Преодолев крыльцо, он уже извлек ключ, и тут заметил, что что-то висит на дверной щеколде. Наклонился поближе, рассмотрел и улыбнулся. Это был мини-фонарик. На распродаже Последний День Лета в Бэрпи Линда купила таких шесть штук за пять баксов. Тогда это показалось ему глупым расточительством, он даже вспомнил, что подумал тогда: «Женщины скупаются на распродажах по тем же мотивам, что и мужчины восходят на вершины гор - только потому, что они туда попали».
На заднем торце фонарика торчала маленькая металлическая петелька. Сквозь нее был протянут шнурок от одного из его старых кед. К шнурку была приклеена записка. Он оторвал бумажку и нацелил на нее лучик фонарика.
Привет, любимый. Надеюсь, ты в порядке. Обе Джей наконец-то угомонились. Обе были расстроены и беспокойны на протяжении ночи, но, в конце концов, вырубились. Завтра я с утра на службе целый день и я именно это имею в виду - целый день, с 7:00 до 19:00, приказал Питер Рендольф (наш новый шеф - УЖАС). Марта Эдмандс пообещала взять к себе девочек, благослови Господи Марту. Постарайся не разбудить меня. (Хоть я могу и не заснуть.) Боюсь, впереди у нас трудные дни, но мы их переживем. В кладовке полно пищи, слава Богу.

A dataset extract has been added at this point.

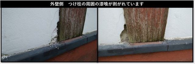 つけ柱周辺の漆喰も剥がれて穴が開いていました。つけ柱とは外壁側に露出している柱のことです。水が入った可能性が高いのはコチラではないでしょうか。つけ柱と外壁の取り合いの部分のコーキングも切れていました。
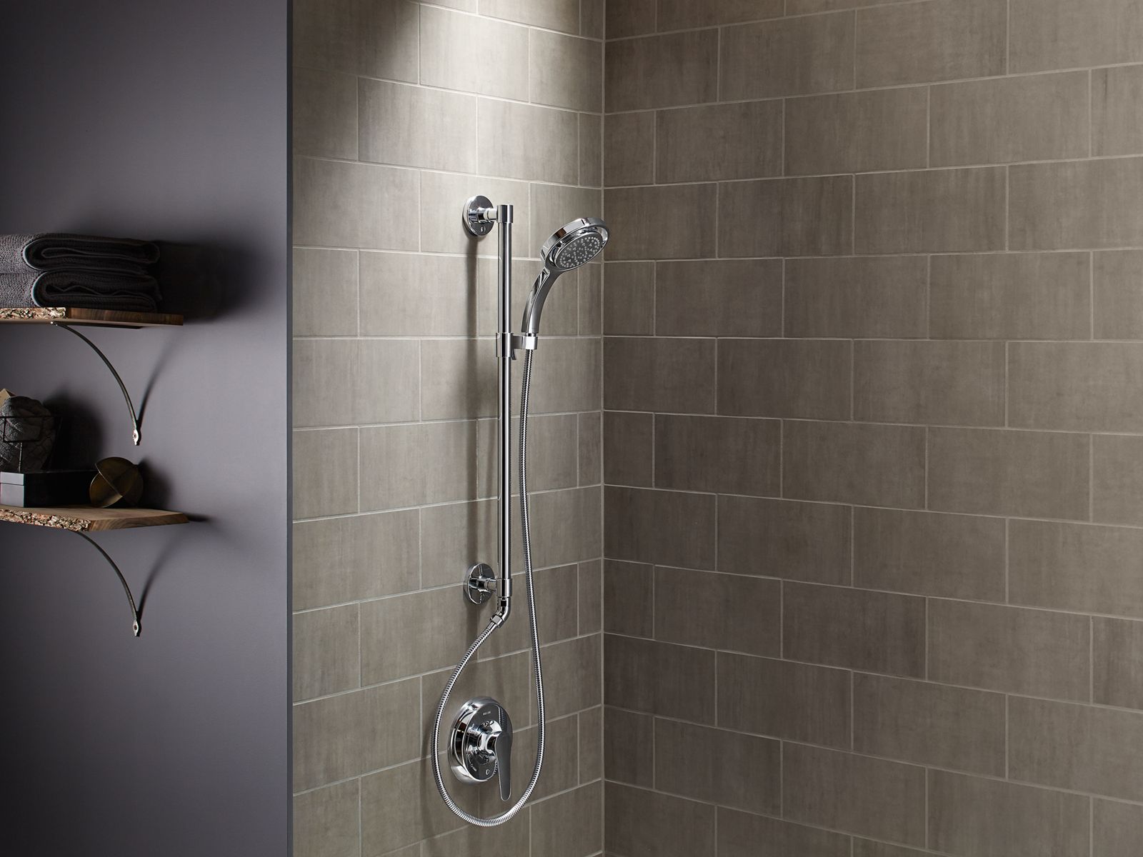 - Slidebar bracket allows you to adjust height and angle of handshower

Любимый, я знаю, ты устал, но не выгуляешь ли Одри? У нее так и не прошел тот ее странный скулеж. Может, ощущала приближение этой штуки? Говорят, собаки предчувствуют землетрясение, и возможно…
Джуди и Дженни просили передать, что любят папу. И я тоже.
Мы успеем поболтать завтра, правда же? Поболтать и скупиться.
Мне немножечко страшно.
Лин
Ему тоже было страшно и не очень радостно от того, что его жене завтра придется работать двенадцать часов в то время, как ему самому - шестнадцать, а то и дольше. Не рад он был и потому, что Джуди и Дженнилл целый день пробудут с Мартой в то время, как им, надо полагать, тоже страшно.
Но меньше всего радости он ощущал от того, что должен вести на прогулку собаку, в то время как на дворе уже был почти час ночи. Он подумал, что она действительно могла ощущать приближение барьера; он знал, что у собак развито предчувствие многих явлений, не только землетрясений. Однако, если тот ее странный скулеж действительно был связан с этим, Одри уже должна была бы успокоиться, не так ли? По дороге домой он не слышал городских собак, все они хранили гробовое молчание. Никто не лаял, не выл. Не слышал он также и разговоров о том, чтобы какая-нибудь скулила перед этим.